This is a part of the complete holdfast polymerization and export apparatus BBa_K5246046 used in Vilnius-Lithuania iGEM 2024 project Synhesion. This part can also be used separately for polysaccharide export, but this feature needs more characterization.
Strain description
Escherichia coli BL21(DE3) protein expression strain derived from Escherichia coli B strain. It produces recombinant proteins under the control of T7 RNA polymerase [1]. This strain lacks the proteases Lon and OmpT, which reduces the likelihood of recombinant protein degradation [2]. This strain is resistant to phage T1 (fhuA2), which improves survival and growth of the cells [3].
| Genotype | fhuA2 [lon] ompT gal (λ DE3) [dcm] ∆hsdS λ DE3 = λ sBamHIo ∆EcoRI-B int::(lacI::PlacUV5::T7 gene1) i21 ∆nin5 |
|---|
Usage and Biology
Biology
The enterobacterial common antigen (ECA) is an outer membrane glycolipid shared by all members of the Enterobacteriaceae and is restricted to this family.

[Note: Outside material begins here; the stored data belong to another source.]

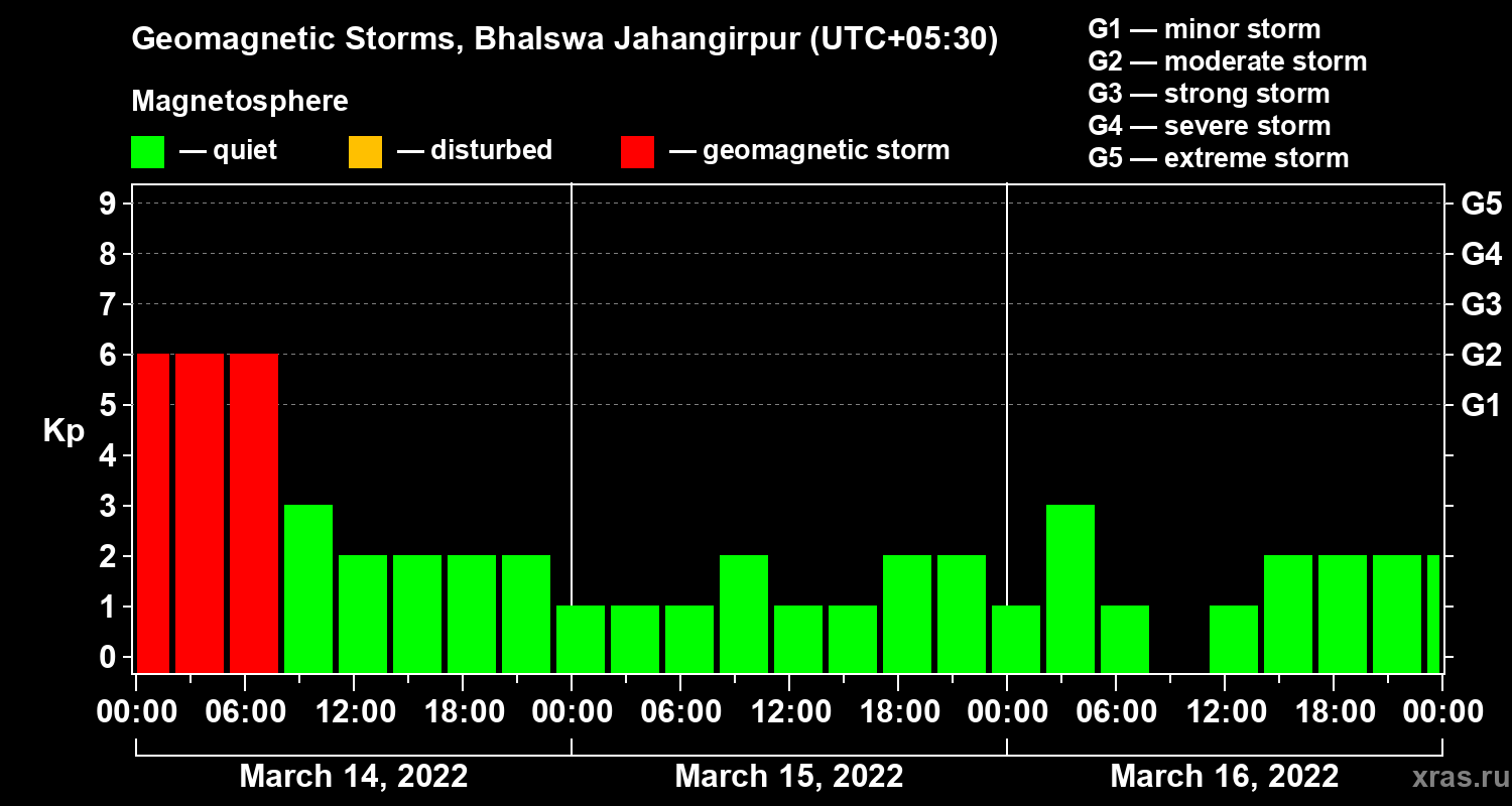 Geomagnetic storms in Bhalswa Jahangirpur — Mar 16, 2022
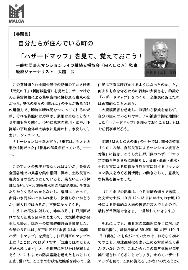 本誌「MALCAの眼」の今号では、前号の特集「2018年、自然災害によるマンション被害と対策」に続き、こうした江戸川区のハザードマップの動き等をさらに深掘りし、台風・豪雨・洪水・土砂災害による広範な自然災害に対する「マンション防災をめぐる新情勢」の動きとして、意欲的な特集を組みました。
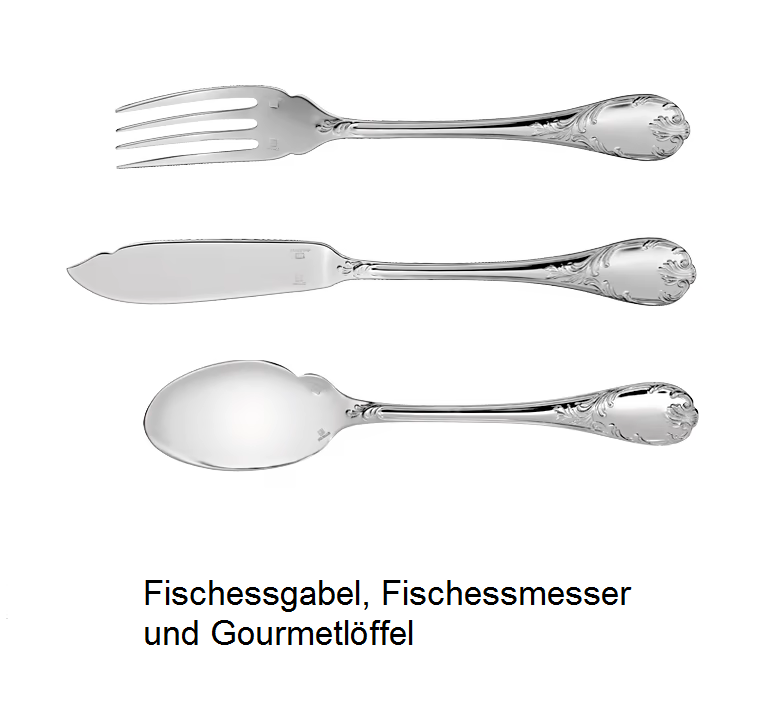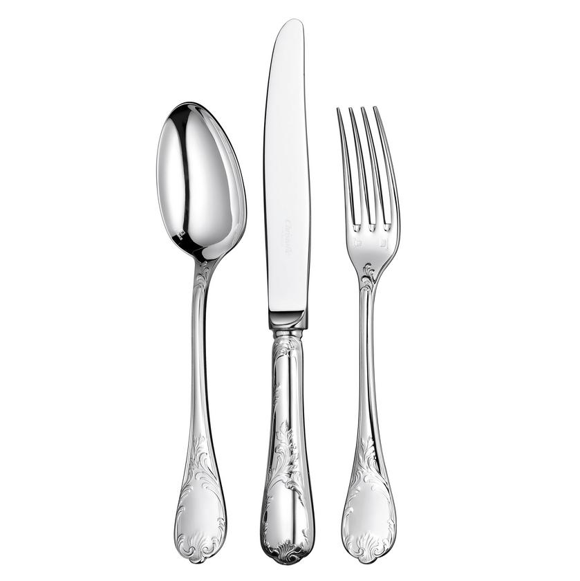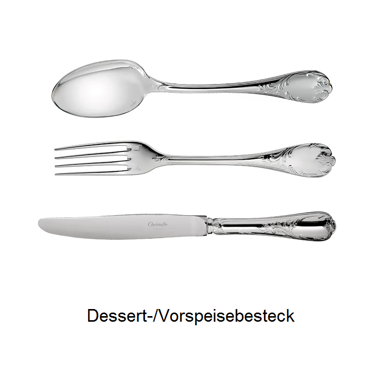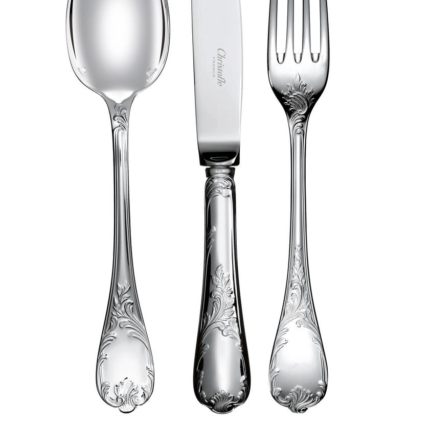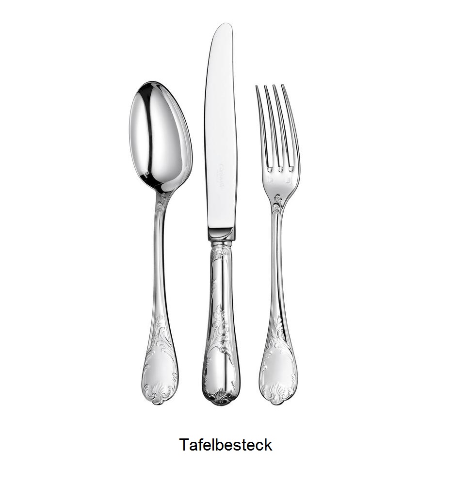 Luxuriöses Comeback: Stilmöbel sind en vogue und festliche Tafeln werden wieder im Louis- XV-Stil gedeckt. Zu diesem Trend passt das versilberte Besteck “Marly” von Christofle, ein Entwurf aus dem Jahr 1890. Das Modell ist nach dem Schloss Marly benannt, das in der Nähe von Paris von Ludwig XIV. als Jagd- und Sommerresidenz erbaut wurde. “Marly” ist das am reichsten mit Ornamenten geschmückte Modell der Christofle-Kollektion. Das typische Pflanzendekor des unter Ludwig XV. aufgekommenen Rocaille-Stils unterstreicht durch seine feine Ziselierung den Reichtum und das Raffinement einer Tafel “à la française”.
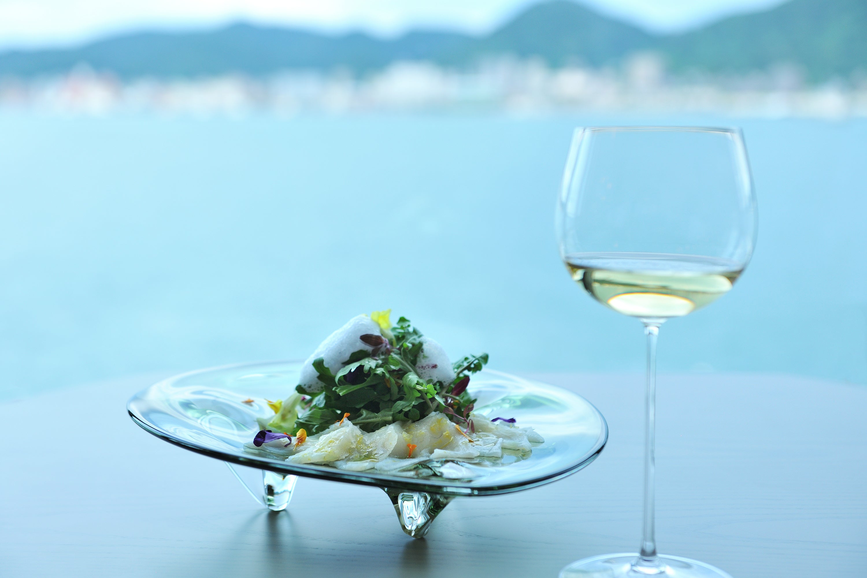 前菜は、ふぐをイタリア料理の定番カルパッチョに仕立て、仕上げに軽やかな柑橘の泡を添えた一皿です。3種のハーブを合わせることで、ふぐの旨味を爽やかな香りが引き立てます。
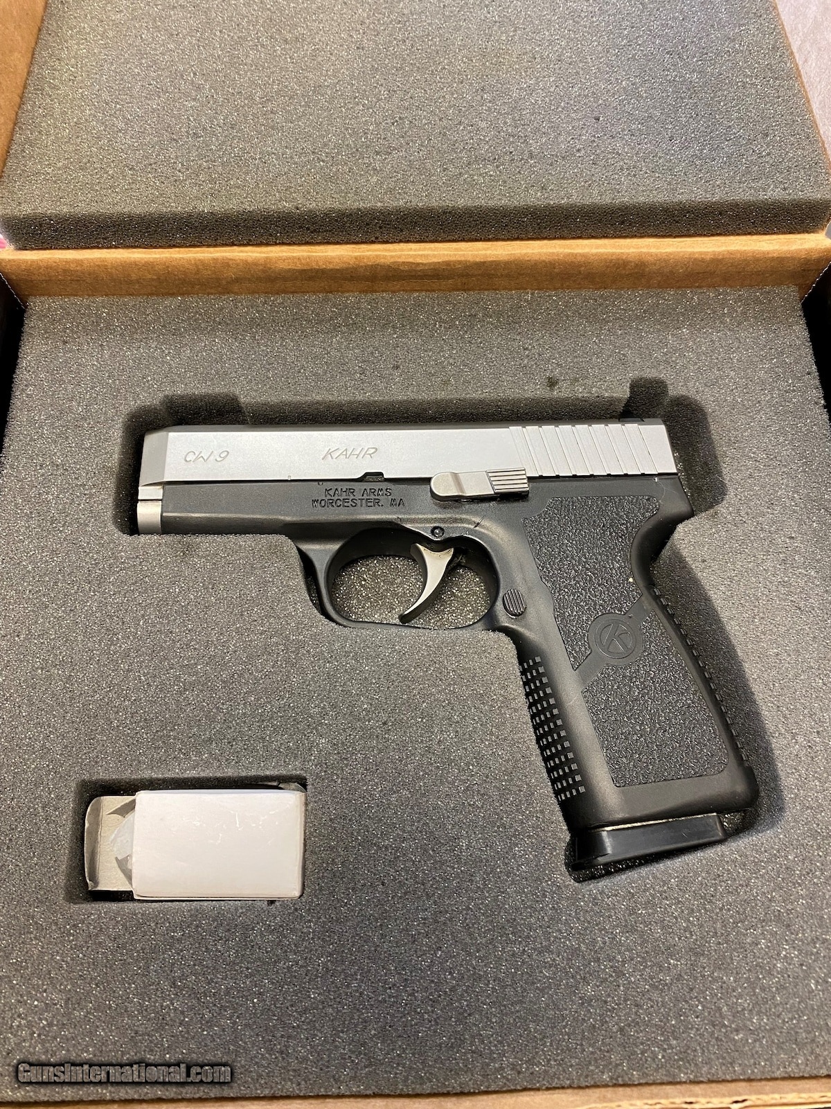 Description: Guns Listing ID: 50912 The Kahr Arms CW is a family of polymer-framed semi-automatic pistols with a stainless steel slide. Barrels are available at 2.6 or 3.6 in length and are adorned with a drift adjustable combat rear sight and a pinned in polymer front sight. As an excellent concealed carry gun textured polymer grips ensure a steady grasp for every shot fired from the CW. Details Caliber 9mm - Capacity 71 - Operation Trigger cocking DAO lock breech Browning-type recoil lug passive striker block no magazine disconnect - Barrel 3.565 conventional rifling 1-10 right-hand twist - Length OA 5.9 - Height 4.5 - Slide Width .90 - Weight Pistol 15.8 ounces Magazine 1.9 ounces - Grips Textured polymer - Sights Drift adjustable white bar-dot combat rear sight pinned in polymer front sight - Finish Black polymer frame matte stainless steel slide - Magazine 1-7 rd Stainless SOLD Manufacturer: KAHR ARMS Model: CW9 Caliber Info: 9MM LUGER (9X19 PARA) Condition: new Barrels: 3.5 BARREL |
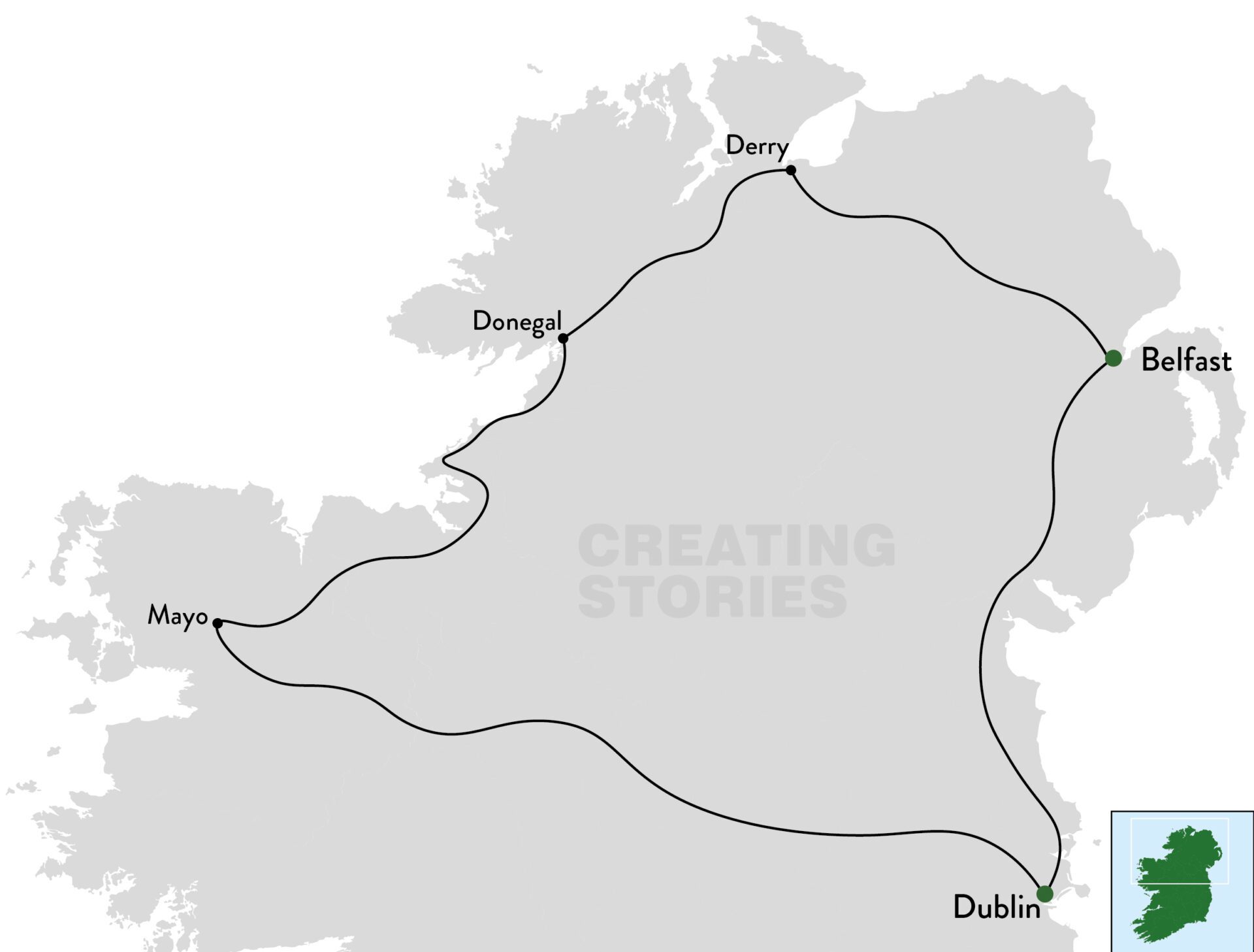 In Belfast kan je een kijkje nemen bij de Albert Memorial Clock of een van de andere hoogtepunten van de stad. De volgende ochtend verlaat je Belfast voor een rit langs de Antrim Coast en reis je verder in de richting van Derry. De volgende dag kan je een bezoek brengen aan het Glenveagh National Park, daar vandaan reis je verder naar Donegal.

It is a glycophospholipid located in the outer leaflet of the outer membrane, composed of an L-glycerophosphatidyl residue linked to an aminosugar heteropolymer [4]. The carbohydrate consists of trisaccharide repeat units of N-acetyl-α-D-glucosamine, N-acetyl-β-D-mannosaminuronate, and N-acetylthomosamine [5]. The function of this molecule has remained largely unknown, partly because the biosynthesis pathways for ECA, O-antigen, and peptidoglycan overlap and partly because there are three forms of ECA that cannot currently be genetically separated [6]. Current research suggests that its function is to maintain outer membrane stability and immunogenicity, and it is involved in biofilm formation [7],[8],[9].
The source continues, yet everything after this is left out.